(Material supplied):
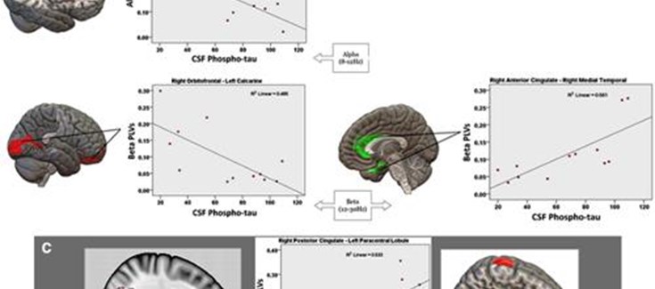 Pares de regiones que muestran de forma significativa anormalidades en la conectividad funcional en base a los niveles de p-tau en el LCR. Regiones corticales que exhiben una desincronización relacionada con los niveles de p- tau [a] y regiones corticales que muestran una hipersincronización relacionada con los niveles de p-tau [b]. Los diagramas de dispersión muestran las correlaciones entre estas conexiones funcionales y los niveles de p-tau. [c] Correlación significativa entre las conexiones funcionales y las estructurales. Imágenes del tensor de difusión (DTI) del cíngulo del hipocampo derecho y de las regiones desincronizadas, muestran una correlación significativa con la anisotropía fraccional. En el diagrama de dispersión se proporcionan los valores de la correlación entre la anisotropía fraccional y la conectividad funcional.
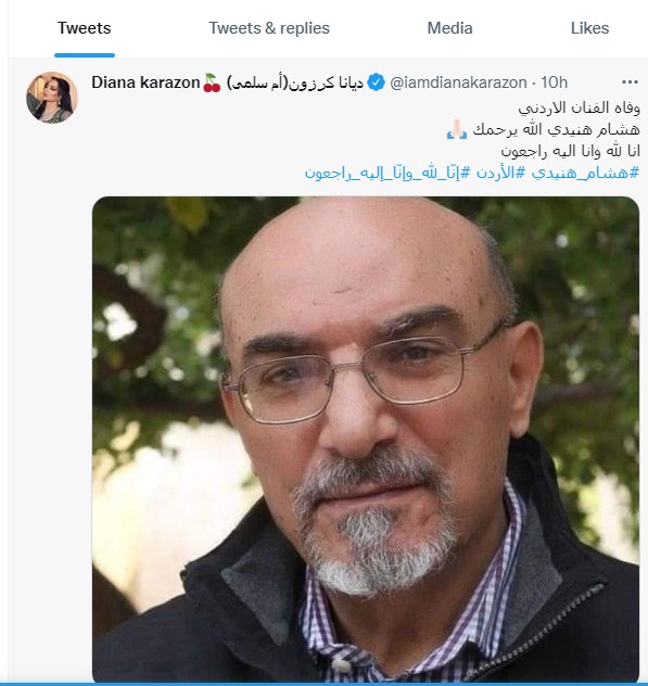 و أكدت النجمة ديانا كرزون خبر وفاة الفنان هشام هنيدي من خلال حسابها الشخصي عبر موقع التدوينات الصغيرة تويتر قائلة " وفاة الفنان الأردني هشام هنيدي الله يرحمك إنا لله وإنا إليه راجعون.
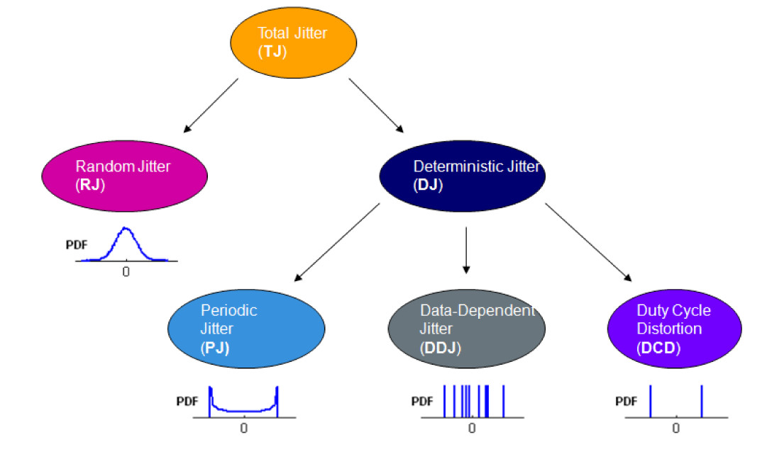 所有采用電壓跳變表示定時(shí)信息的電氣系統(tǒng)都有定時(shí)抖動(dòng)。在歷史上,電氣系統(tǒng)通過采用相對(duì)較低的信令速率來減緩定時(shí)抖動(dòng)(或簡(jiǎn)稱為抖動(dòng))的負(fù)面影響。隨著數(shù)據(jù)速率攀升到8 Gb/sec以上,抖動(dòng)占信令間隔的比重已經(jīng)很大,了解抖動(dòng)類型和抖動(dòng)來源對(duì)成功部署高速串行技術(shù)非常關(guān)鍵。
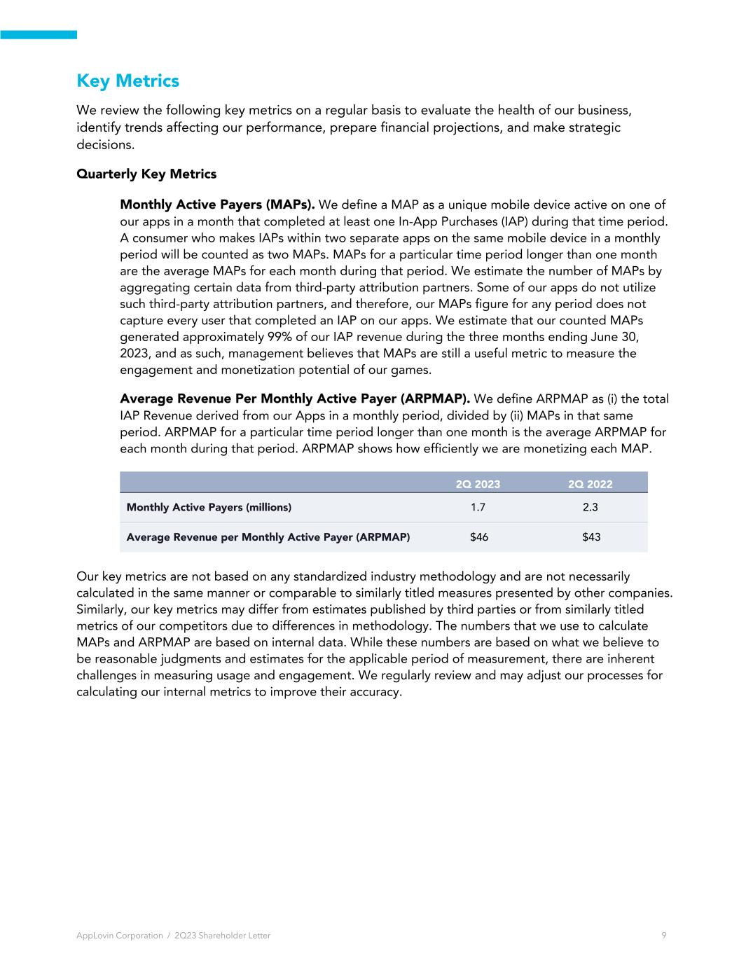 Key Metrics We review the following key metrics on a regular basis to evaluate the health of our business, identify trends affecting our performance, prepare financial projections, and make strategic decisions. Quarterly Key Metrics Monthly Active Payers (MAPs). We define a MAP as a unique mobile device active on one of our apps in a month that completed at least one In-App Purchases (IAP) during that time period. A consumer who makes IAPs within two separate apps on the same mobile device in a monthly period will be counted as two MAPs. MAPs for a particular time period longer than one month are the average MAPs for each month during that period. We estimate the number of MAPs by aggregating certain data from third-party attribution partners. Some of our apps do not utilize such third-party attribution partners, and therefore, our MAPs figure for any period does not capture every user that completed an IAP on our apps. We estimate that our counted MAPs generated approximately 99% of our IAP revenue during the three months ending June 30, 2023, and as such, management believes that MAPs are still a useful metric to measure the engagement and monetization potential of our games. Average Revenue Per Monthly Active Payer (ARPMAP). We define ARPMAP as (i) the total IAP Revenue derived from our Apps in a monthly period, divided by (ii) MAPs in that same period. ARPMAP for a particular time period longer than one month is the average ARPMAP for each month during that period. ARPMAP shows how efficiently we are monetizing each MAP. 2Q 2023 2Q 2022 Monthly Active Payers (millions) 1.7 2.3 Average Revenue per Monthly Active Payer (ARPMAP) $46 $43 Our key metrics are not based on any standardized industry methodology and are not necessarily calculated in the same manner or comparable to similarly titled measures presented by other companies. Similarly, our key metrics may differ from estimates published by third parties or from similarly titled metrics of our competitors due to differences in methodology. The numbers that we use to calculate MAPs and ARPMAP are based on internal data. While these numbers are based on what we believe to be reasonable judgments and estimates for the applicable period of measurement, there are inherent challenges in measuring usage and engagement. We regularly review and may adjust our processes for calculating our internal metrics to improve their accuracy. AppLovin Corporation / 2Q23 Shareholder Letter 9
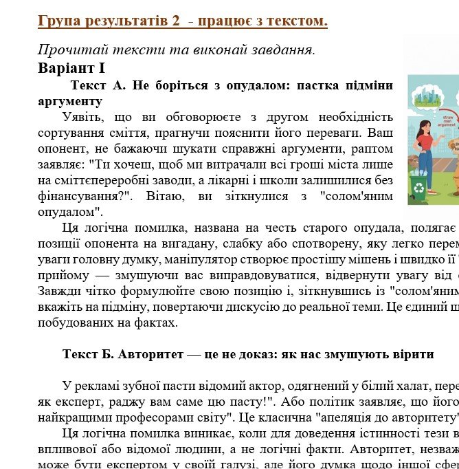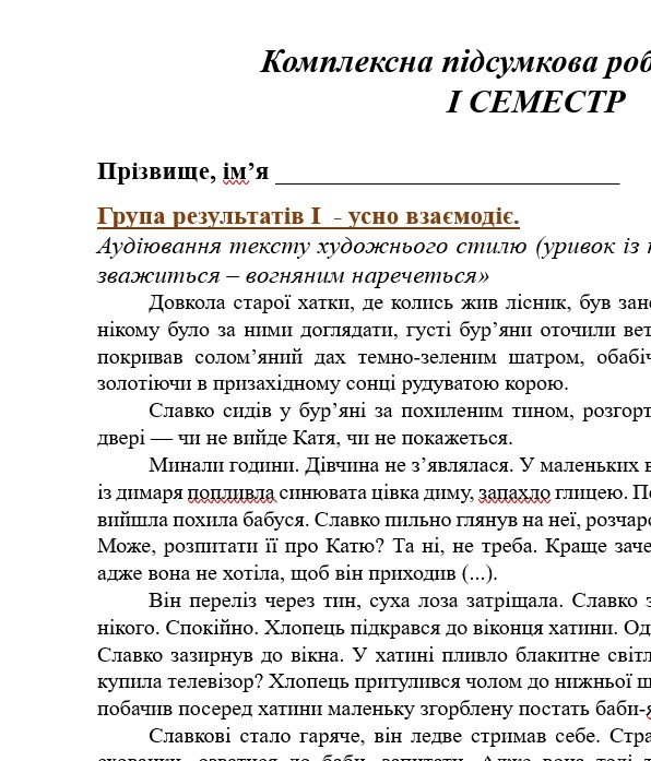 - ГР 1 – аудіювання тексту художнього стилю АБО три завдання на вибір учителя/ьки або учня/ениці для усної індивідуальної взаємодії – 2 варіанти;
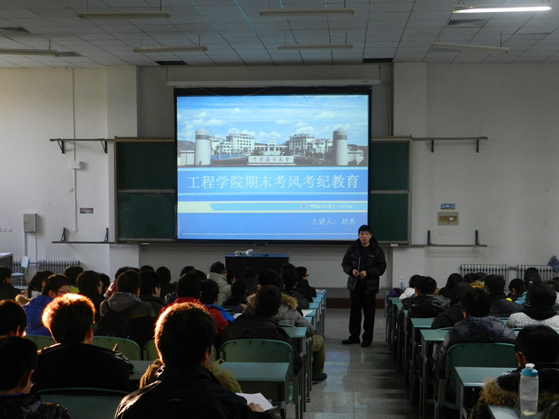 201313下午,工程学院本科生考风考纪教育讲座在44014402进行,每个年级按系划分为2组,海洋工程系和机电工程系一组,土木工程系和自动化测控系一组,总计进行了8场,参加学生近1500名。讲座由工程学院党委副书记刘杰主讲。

(Task to complete): Could you repeat, exactly and with nothing added, the lines from the top of the entries above through the line that holds "所有采用電壓跳變表示定時(s", leaving out any pictures?

(Answer box):
 Pares de regiones que muestran de forma significativa anormalidades en la conectividad funcional en base a los niveles de p-tau en el LCR. Regiones corticales que exhiben una desincronización relacionada con los niveles de p- tau [a] y regiones corticales que muestran una hipersincronización relacionada con los niveles de p-tau [b]. Los diagramas de dispersión muestran las correlaciones entre estas conexiones funcionales y los niveles de p-tau. [c] Correlación significativa entre las conexiones funcionales y las estructurales. Imágenes del tensor de difusión (DTI) del cíngulo del hipocampo derecho y de las regiones desincronizadas, muestran una correlación significativa con la anisotropía fraccional. En el diagrama de dispersión se proporcionan los valores de la correlación entre la anisotropía fraccional y la conectividad funcional.
 و أكدت النجمة ديانا كرزون خبر وفاة الفنان هشام هنيدي من خلال حسابها الشخصي عبر موقع التدوينات الصغيرة تويتر قائلة " وفاة الفنان الأردني هشام هنيدي الله يرحمك إنا لله وإنا إليه راجعون.
 所有采用電壓跳變表示定時(shí)信息的電氣系統(tǒng)都有定時(shí)抖動(dòng)。在歷史上,電氣系統(tǒng)通過采用相對(duì)較低的信令速率來減緩定時(shí)抖動(dòng)(或簡(jiǎn)稱為抖動(dòng))的負(fù)面影響。隨著數(shù)據(jù)速率攀升到8 Gb/sec以上,抖動(dòng)占信令間隔的比重已經(jīng)很大,了解抖動(dòng)類型和抖動(dòng)來源對(duì)成功部署高速串行技術(shù)非常關(guān)鍵。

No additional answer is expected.